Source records

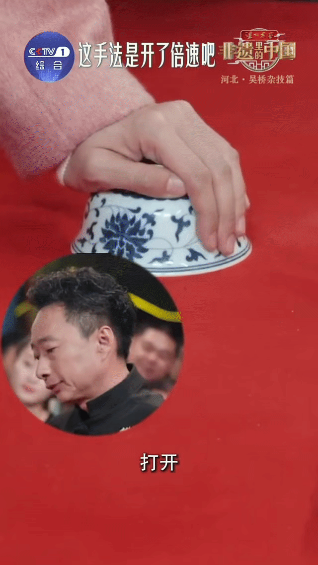 龙洋主持最疑惑的2分钟 沧州吴桥“三仙归洞”让龙洋迷糊全程!非遗杂技手速快到看不清,球明明在左碗,一揭就窜右边,师傅手法像开倍速,别说龙洋疑惑这两分钟,观众也摸不着头脑!
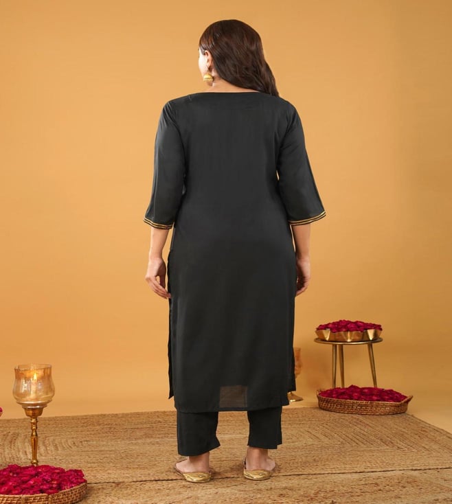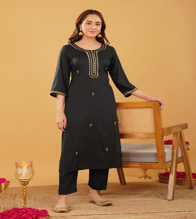 Zuri Black Silk Regular Fit Embroidered Kurta Set
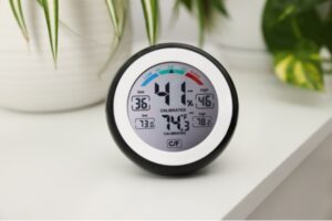 hygrometer measuring humidity and temperature indoors
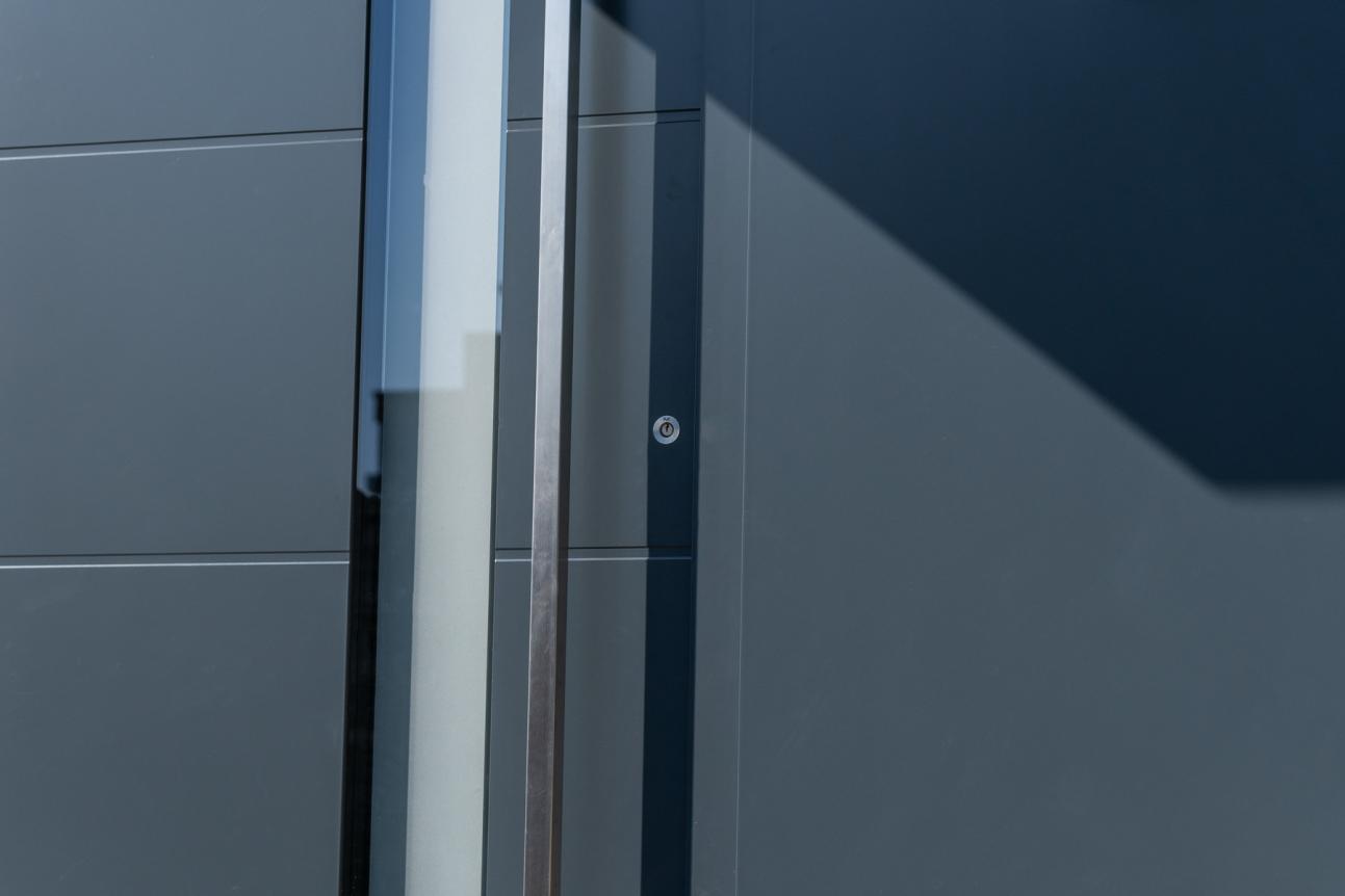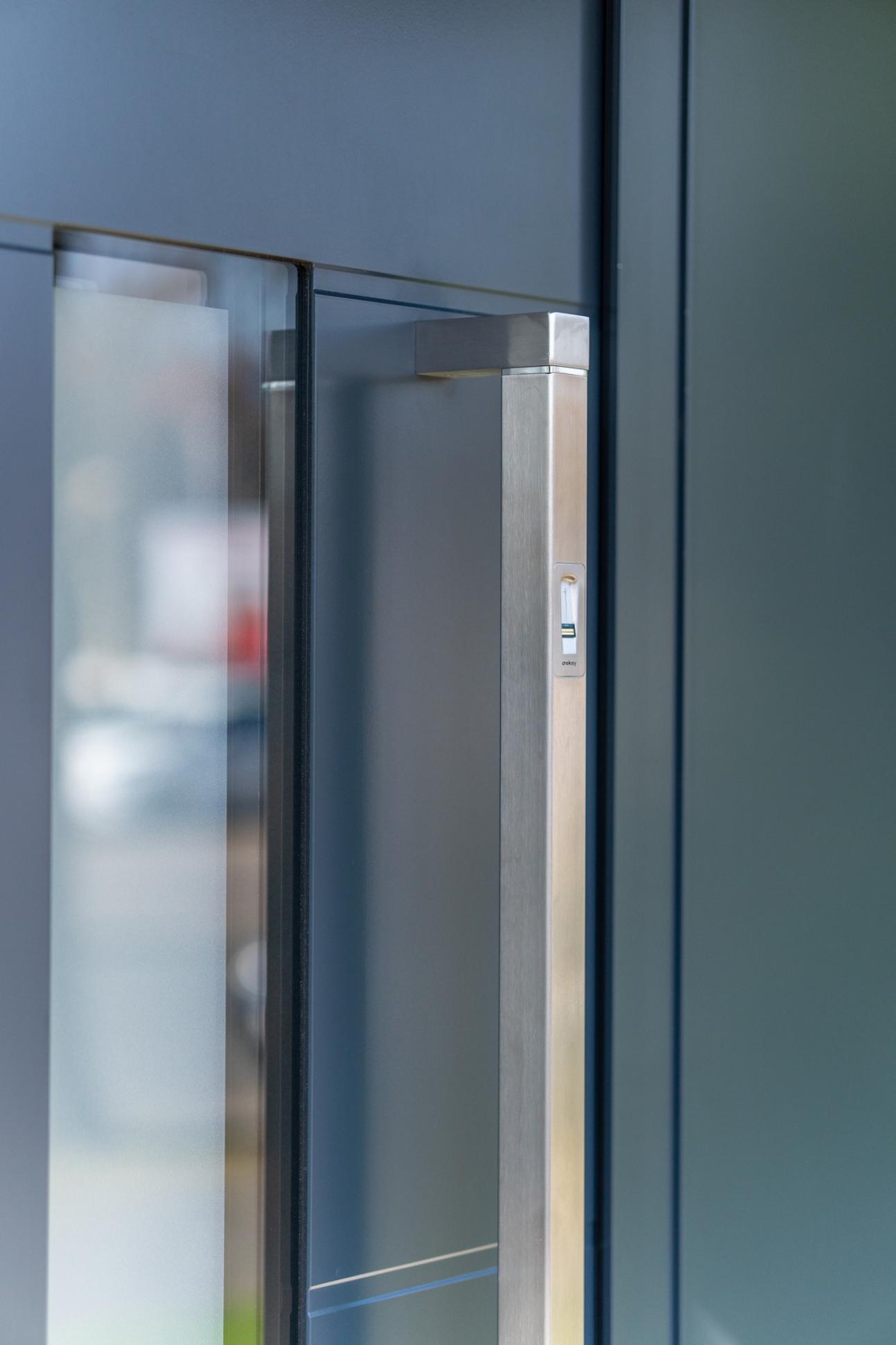 Die Haustür ist mit moderner Komforttechnik ausgestattet: Ein im Griff integrierter Fingerscan ermöglicht den schlüssellosen Zugang, während die Automatikverriegelung die Tür ohne ein menschliches Zutun verriegelt. Sowohl Fenster als auch Haustür bieten geprüfte und zertifizierte PaXsecura Einbruchhemmung in der Widerstandsklasse RC2. Dazu gehören abschließbare Fenstergriffe, angriffhemmendes Sicherheits-Isolierglas sowie ein hochwertiger Sicherheitsbeschlag, der das Aufhebeln wirksam erschwert.
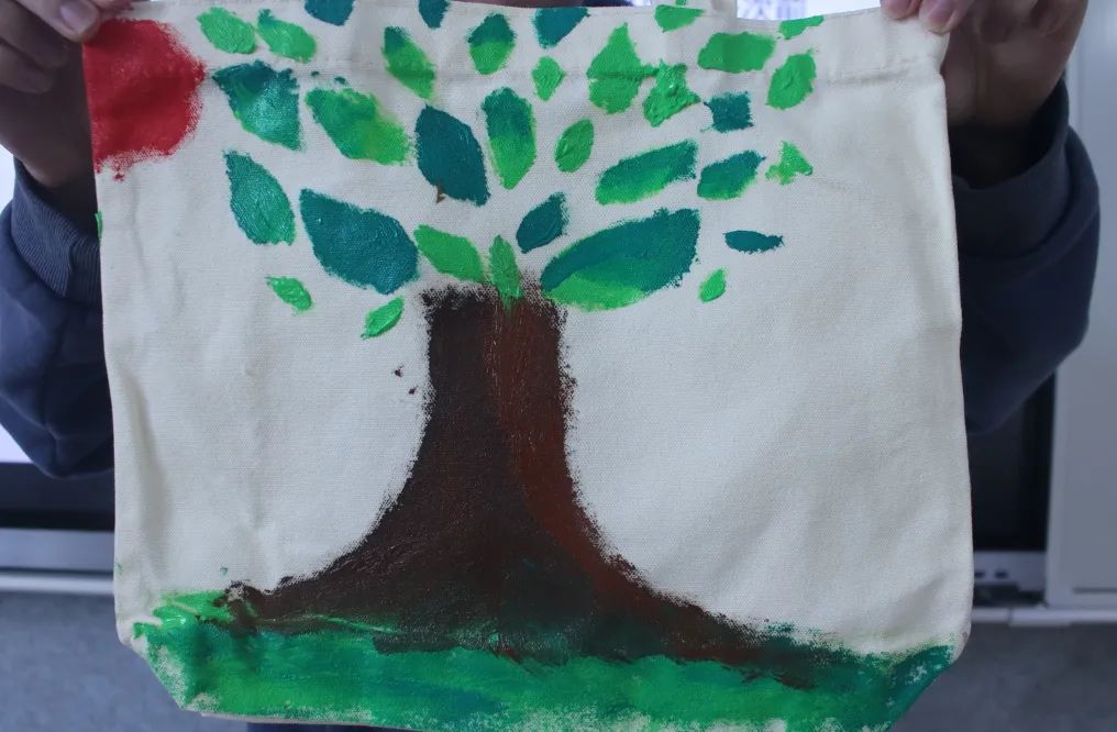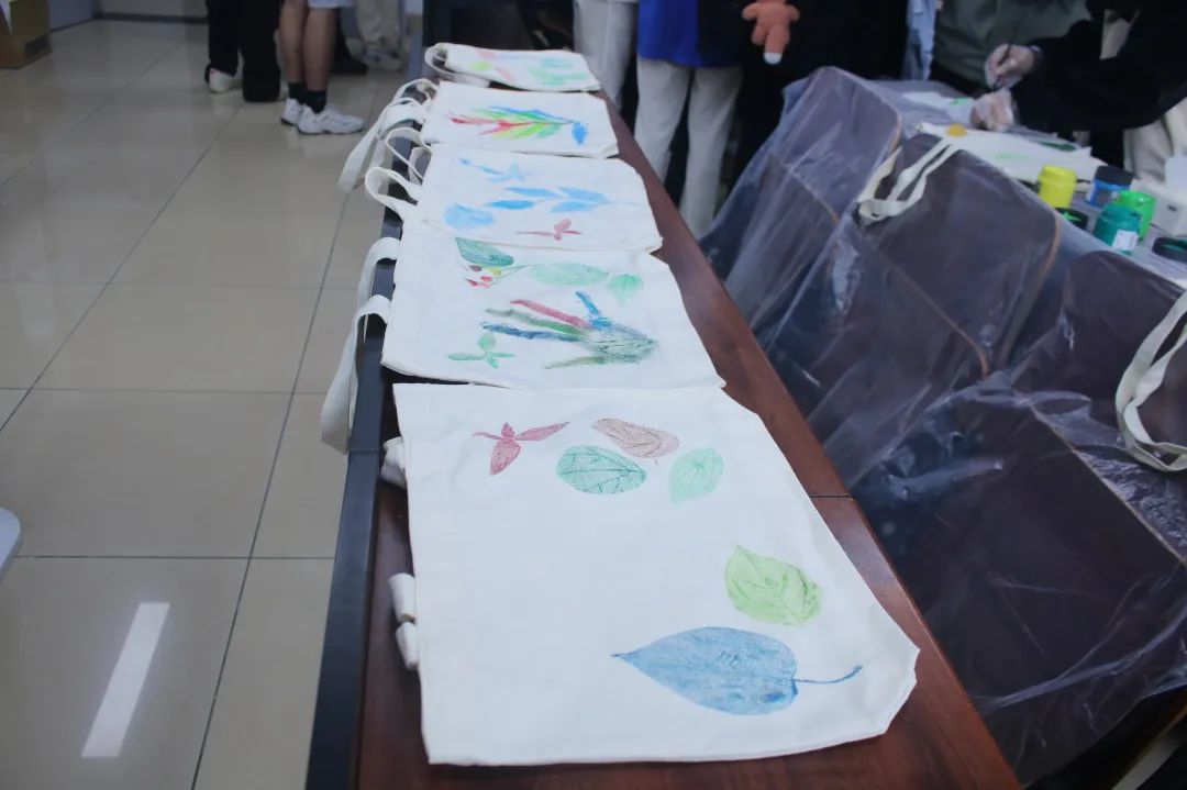 本次活动以拓染工具与植物相约为主题,同学们在活动开始前自行选择了拓染布料(帆布袋),并使用在校园内收集了各种植物素材。从校园里的嫩绿小草到色彩斑斓的花朵,每一样都成为了他们创作的灵感源泉。
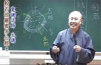 所谓的“观自在菩萨”不一定完全指的是普坦罗罗迦观自在菩萨,就是说不一定是在南海普陀山的观世音菩萨,或是哪一位菩萨,说实在的,只要我们透过般若的观照我们自己也能得以自在,也能够观自在菩萨。因为如果我们是一位大乘行者来讲我们发的不只是自我解脱的心,我们发的是学佛而成佛的大心,那么就称为菩萨,发菩提心者我们就称为菩萨,至于我们是不是能够“观自在”,那么就要看我们能否行深的般若波罗蜜多,不自在的菩萨是因为我们不懂般若波罗蜜多,当然我们从凡夫菩萨开始做起,从初学开始,所以我们说菩萨就好像初一的月、初二的月,成佛就等于十五的月圆满,但是也是从初一开始,从一点点开始,所以我们说从凡夫菩萨到圣贤菩萨到最后一阶段叫菩萨摩诃萨三个阶段,当然第一个阶段我们还不是太自在,但是我们可以朝着自在走来,那如何自在,我们是透过般若波罗蜜多,而且是深的般若波罗蜜多,所以说是“行深般若波罗蜜多时”,因为他行的是深的般若波罗蜜多的时候,照见五蕴皆空而度了一切苦厄,所以空的本身,般若本身就是能度一切苦厄的,因为让我们的自性妄执能够降低,我们的苦厄来自于我们的自性妄执,自性妄执会招惹很多很多的苦厄,所以我们如果一直照见我们五蕴皆有,那就根本不懂般若波罗蜜多,那就是一个不自在的菩萨,所以般若经典反过来读容易理解,因为反过来就是在讲我们凡夫之境界,透过法性空慧所显示出来就是圣者的境界,它有个特质是透过否定的符号,照见五蕴皆空,我们说人究竟怎么结合在一起,我们说这个人其实也等于是一合相,是众多因缘和合出来的,有五个蕴:色、受、想、行、识,也等于说形成出来的一个相是众多因缘和合而成,所以叫有情众生,是众缘和合而生,既然众缘和合而生那么终有一天会众缘离散而灭,所以我们说是四大假合,或者叫做五蕴和合出来的。五蕴,为什么叫做“蕴”?蕴是聚集的,色蕴有色蕴的聚集,受蕴有受蕴的聚集,想蕴有想蕴的聚集,行蕴、识蕴……尤其佛法来说属于心理的行为占得多,属于物质的反而少,所谓色,它是一种质碍性,而且它是会变坏的,色蕴它有这两个特质。什么是质碍性呢?假如一种物质是一根粉笔,这是第二根粉笔,这两根粉笔没办法把它融到一起,除非透过其它的方法,它们各自占了空间,它们之间会相互妨碍,各有各的空间,所以是有质碍性的。我们色身本身是色蕴的结合,当然不只是色蕴的结合,还包括受、想、行、识,受想行识是我们较看不到的,我们看一个人几乎看到的是色蕴,整个色身肉体,但是我们是否也看到这个人的表情是不同的,为什么会有不同的表情?因为从他的受想行识所显现出来的,尤其是佛法更注重心理的部分,属于物质的现象它占的比例反而少一些,但是所谓色蕴它集合了很多很多比方眼、耳、鼻、舌、身、意的根,既然有这些根,是不是有质碍性啊!是有质碍性的。我们坐火车抢了一个位子坐下来了,第二个人就无法坐下来,这就有质碍性!一个萝卜一个坑。一旦有质碍性,物质本身一定会变坏,为什么会变坏?物质是缘生出来的,它必然会缘灭,必然会缘变坏,所以色蕴不仅是眼、耳、鼻、舌、身根的和合,也可以说是地、水、火、风的和合,如果四大不调那就生病,四大离散就死掉,四大结合,其实不只地、水、火、风,还要有空及识进来才成为一个人,所以所以本身也是有众多因缘和合在这里,而且每一个因缘随时都在变,因为我们有色蕴,所以我们有受蕴,感受直接的领纳,如果是夏天外面很热,一进来好凉快,马上感受到舒服叫可意受,很合我的意,那是一种受,但是如果说外面很热,进来又没空调,眉头马上皱起来,那叫做不可意受,是很直接的受蕴领纳。这种环境上的还好,如果是人际间的,他对我笑或者对我瞪眼,那个受蕴马上出现,人际之间很容易就立刻影响了我们的想,他为什么对我笑?他对我有什么企图?为什么瞪我一眼?我有哪里得罪他了?如何如何就开始想了,我们想之前要有受,所以受是很复杂的,整个环境很舒服,那在人际之间碰上不舒服的状况或许我们稍微能忍受,但大环境很差,热得不得了,五蕴炽盛火上加火,马上想的都是很差的一面,所以这些也都是种种因缘和合出来,所以想,或往好的想,或往坏的想,都是在我们的一念之间。一旦想,就会影响我们的行为,我要去报复他或者怎样怎样。如果以唯识它讲得更细,受、想、思,那个思是更集中的,想是比较涣散的,妄想妄想,想本身是比较涣散的,思是会做一些整理,去审虑、思考,思虑之后更要集中,发动之后付诸行动。所以付诸行动的方式也很多样化,最后蕴藏在我们的第八阿赖耶识,所有的种子所造的业力,就蕴藏在我们意识里第八识的田中,业因为蕴藏在第八识的田里头,将来它的业障或福报会现前,是跟我们这样一串的活动有关系。有的种子比较早成熟,就现出果报来,有时候会现出业障来,要看里面是善的种子还是恶的种子,到这辈子结束之后它会大量成熟,成熟出我们的色蕴,眼、耳、鼻、舌、身到底长什么样子,如果我这辈子老是去障碍别人光明,人家要去学佛,你老骂人家说你吃饱没事做,你为什么要去听经?为什么要去闻法?那怎么办?这些也会影响你的受想行识,然后种到第八识田里,之后这些种子结果出来就会变成障碍自己光明的果报,会得到生盲的果报,眼睛会不好,乃至于瞎掉,那是果报的问题,那是过去所造

**Work order:**
Whatever lies between the first line of the data and the line holding "本次活动以拓染工具与植物相约", inclusive, should be repeated exactly, apart from the pictures.

**Output:**
 龙洋主持最疑惑的2分钟 沧州吴桥“三仙归洞”让龙洋迷糊全程!非遗杂技手速快到看不清,球明明在左碗,一揭就窜右边,师傅手法像开倍速,别说龙洋疑惑这两分钟,观众也摸不着头脑!
 Zuri Black Silk Regular Fit Embroidered Kurta Set
 hygrometer measuring humidity and temperature indoors
 Die Haustür ist mit moderner Komforttechnik ausgestattet: Ein im Griff integrierter Fingerscan ermöglicht den schlüssellosen Zugang, während die Automatikverriegelung die Tür ohne ein menschliches Zutun verriegelt. Sowohl Fenster als auch Haustür bieten geprüfte und zertifizierte PaXsecura Einbruchhemmung in der Widerstandsklasse RC2. Dazu gehören abschließbare Fenstergriffe, angriffhemmendes Sicherheits-Isolierglas sowie ein hochwertiger Sicherheitsbeschlag, der das Aufhebeln wirksam erschwert.
 本次活动以拓染工具与植物相约为主题,同学们在活动开始前自行选择了拓染布料(帆布袋),并使用在校园内收集了各种植物素材。从校园里的嫩绿小草到色彩斑斓的花朵,每一样都成为了他们创作的灵感源泉。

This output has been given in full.